Work task: Leaving the pictures aside, repeat the entries exactly.

··· Data provided ···

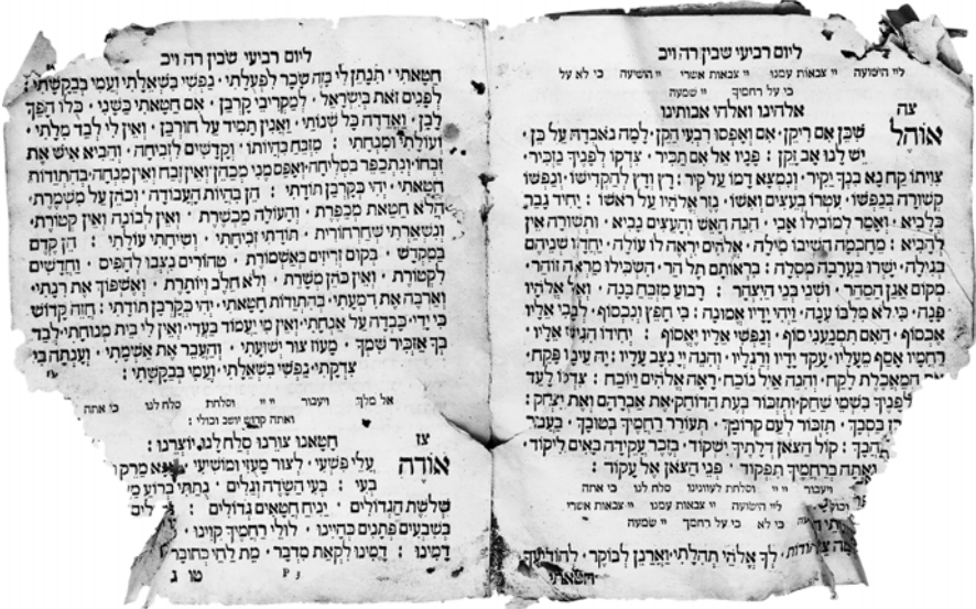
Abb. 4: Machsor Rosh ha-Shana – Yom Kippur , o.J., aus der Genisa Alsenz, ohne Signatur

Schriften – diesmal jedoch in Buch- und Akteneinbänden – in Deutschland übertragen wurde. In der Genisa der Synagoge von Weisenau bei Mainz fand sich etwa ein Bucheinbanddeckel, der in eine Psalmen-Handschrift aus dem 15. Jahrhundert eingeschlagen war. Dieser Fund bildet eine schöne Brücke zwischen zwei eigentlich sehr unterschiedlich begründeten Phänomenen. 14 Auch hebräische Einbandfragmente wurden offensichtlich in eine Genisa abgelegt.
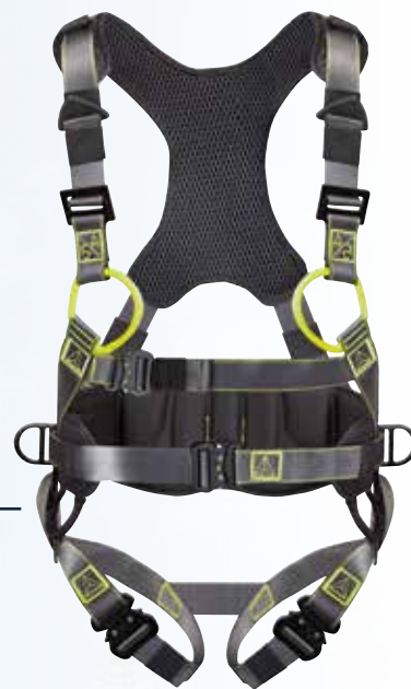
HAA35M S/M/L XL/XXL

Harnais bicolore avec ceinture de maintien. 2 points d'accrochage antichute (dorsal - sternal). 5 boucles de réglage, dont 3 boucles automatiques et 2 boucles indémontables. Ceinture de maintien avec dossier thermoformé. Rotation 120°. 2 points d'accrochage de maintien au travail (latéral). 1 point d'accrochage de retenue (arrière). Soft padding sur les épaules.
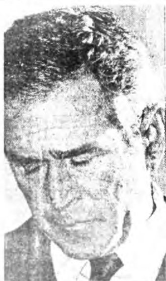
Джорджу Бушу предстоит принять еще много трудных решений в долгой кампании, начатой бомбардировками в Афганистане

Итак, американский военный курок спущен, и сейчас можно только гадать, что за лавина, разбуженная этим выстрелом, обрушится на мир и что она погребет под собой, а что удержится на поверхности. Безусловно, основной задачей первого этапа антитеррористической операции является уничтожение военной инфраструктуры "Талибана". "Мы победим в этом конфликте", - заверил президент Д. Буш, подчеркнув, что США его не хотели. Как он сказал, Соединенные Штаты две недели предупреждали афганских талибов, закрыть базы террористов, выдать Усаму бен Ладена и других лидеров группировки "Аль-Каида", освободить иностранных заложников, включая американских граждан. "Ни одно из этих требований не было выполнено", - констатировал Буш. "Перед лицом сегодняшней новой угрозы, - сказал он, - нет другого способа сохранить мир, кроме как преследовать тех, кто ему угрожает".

···

Solution to the exercise:
Abb. 4: Machsor Rosh ha-Shana – Yom Kippur , o.J., aus der Genisa Alsenz, ohne Signatur

Schriften – diesmal jedoch in Buch- und Akteneinbänden – in Deutschland übertragen wurde. In der Genisa der Synagoge von Weisenau bei Mainz fand sich etwa ein Bucheinbanddeckel, der in eine Psalmen-Handschrift aus dem 15. Jahrhundert eingeschlagen war. Dieser Fund bildet eine schöne Brücke zwischen zwei eigentlich sehr unterschiedlich begründeten Phänomenen. 14 Auch hebräische Einbandfragmente wurden offensichtlich in eine Genisa abgelegt.
HAA35M S/M/L XL/XXL

Harnais bicolore avec ceinture de maintien. 2 points d'accrochage antichute (dorsal - sternal). 5 boucles de réglage, dont 3 boucles automatiques et 2 boucles indémontables. Ceinture de maintien avec dossier thermoformé. Rotation 120°. 2 points d'accrochage de maintien au travail (latéral). 1 point d'accrochage de retenue (arrière). Soft padding sur les épaules.
Джорджу Бушу предстоит принять еще много трудных решений в долгой кампании, начатой бомбардировками в Афганистане

Итак, американский военный курок спущен, и сейчас можно только гадать, что за лавина, разбуженная этим выстрелом, обрушится на мир и что она погребет под собой, а что удержится на поверхности. Безусловно, основной задачей первого этапа антитеррористической операции является уничтожение военной инфраструктуры "Талибана". "Мы победим в этом конфликте", - заверил президент Д. Буш, подчеркнув, что США его не хотели. Как он сказал, Соединенные Штаты две недели предупреждали афганских талибов, закрыть базы террористов, выдать Усаму бен Ладена и других лидеров группировки "Аль-Каида", освободить иностранных заложников, включая американских граждан. "Ни одно из этих требований не было выполнено", - констатировал Буш. "Перед лицом сегодняшней новой угрозы, - сказал он, - нет другого способа сохранить мир, кроме как преследовать тех, кто ему угрожает".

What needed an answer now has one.